Top of Dataset section
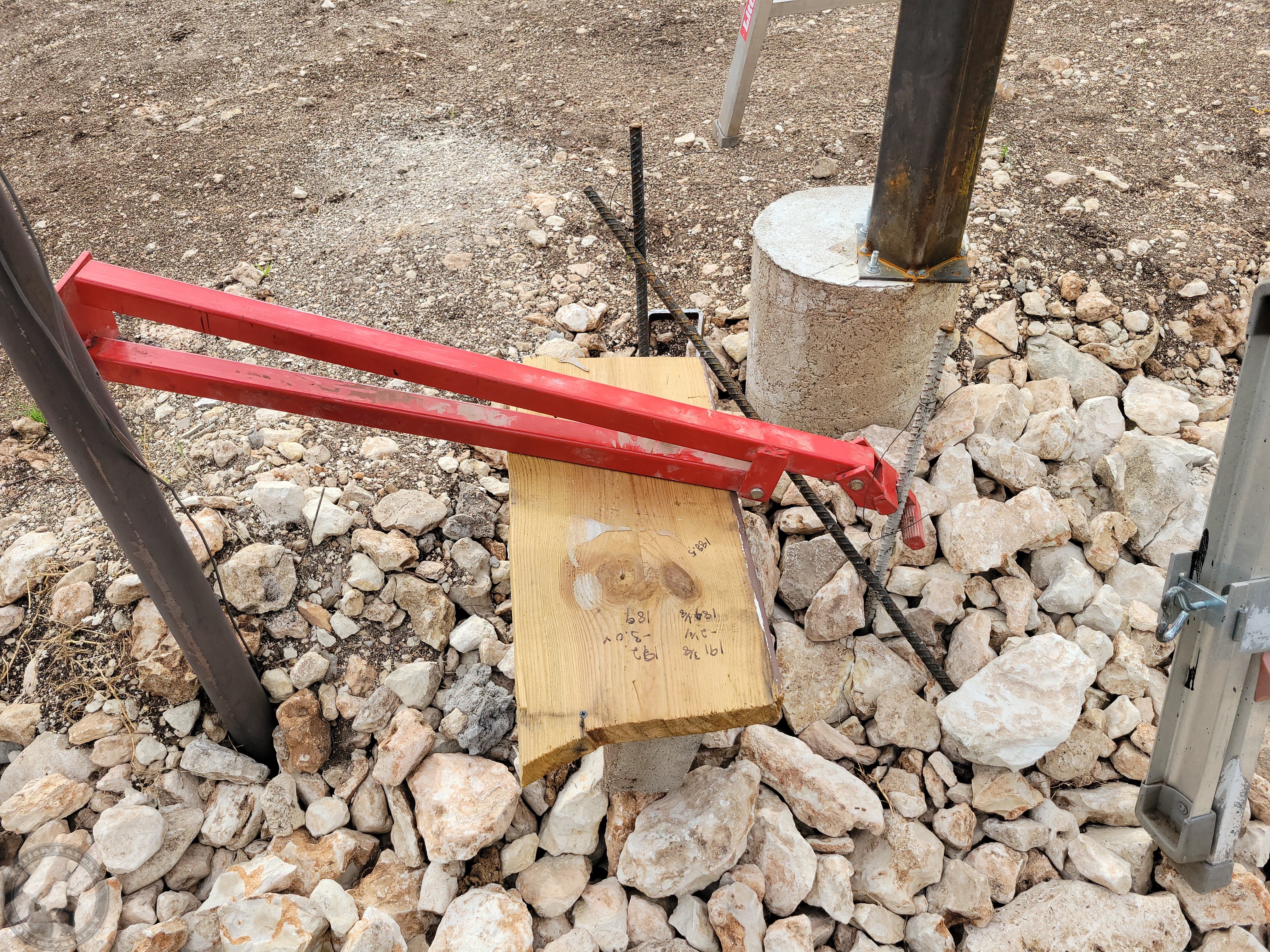 Removing the pieces of rebar used for batter boards for stringing the post positions originally. Didn't want to leave these in while working over them.
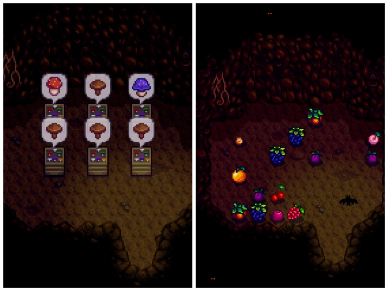 特點:選擇果蝠會在農場的山洞中留下各種水果,並且水果類型不會受季節的限制,山洞中產出的水果將會一直留在那,直到玩家採集爲止;選擇蘑菇山洞後,山洞中會添加六個蘑菇培養盆,隨機生長除了熔岩菇以外的所有5種蘑菇。
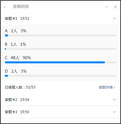 通过多种手段保持在线课堂上学生与教师的联系:如利用钉钉课堂直播提供的点名工具进行点名;在上课过程中随机抽取学生与教师连麦回答问题;让学生通过互动消息及时响应教师的问题;利用钉钉课堂直播提供的答题卡工具实施了在线答题环节,督促学生保持状态。
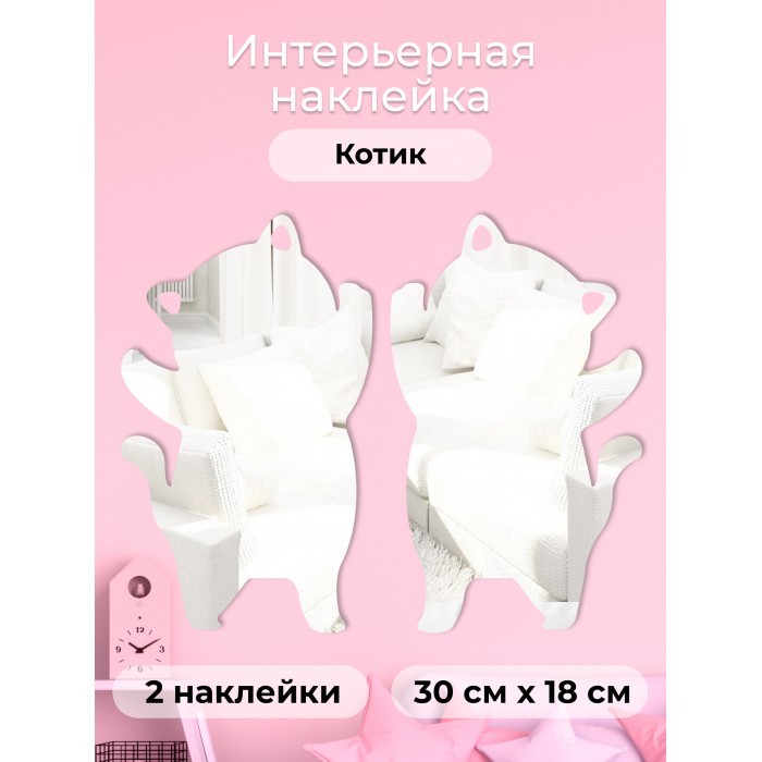 Интерьерные зеркальные наклейки Котик 2шт (30*18см-2шт) серебро 265535
Bottom of Dataset section
- _Work instructions_: The expected output is an exact copy of the lines from the one holding "特點:選擇果蝠會在農場的山洞" through the last line of the listing above, with the pictures omitted.

- _Solution for this exercise_:
 特點:選擇果蝠會在農場的山洞中留下各種水果,並且水果類型不會受季節的限制,山洞中產出的水果將會一直留在那,直到玩家採集爲止;選擇蘑菇山洞後,山洞中會添加六個蘑菇培養盆,隨機生長除了熔岩菇以外的所有5種蘑菇。
 通过多种手段保持在线课堂上学生与教师的联系:如利用钉钉课堂直播提供的点名工具进行点名;在上课过程中随机抽取学生与教师连麦回答问题;让学生通过互动消息及时响应教师的问题;利用钉钉课堂直播提供的答题卡工具实施了在线答题环节,督促学生保持状态。
 Интерьерные зеркальные наклейки Котик 2шт (30*18см-2шт) серебро 265535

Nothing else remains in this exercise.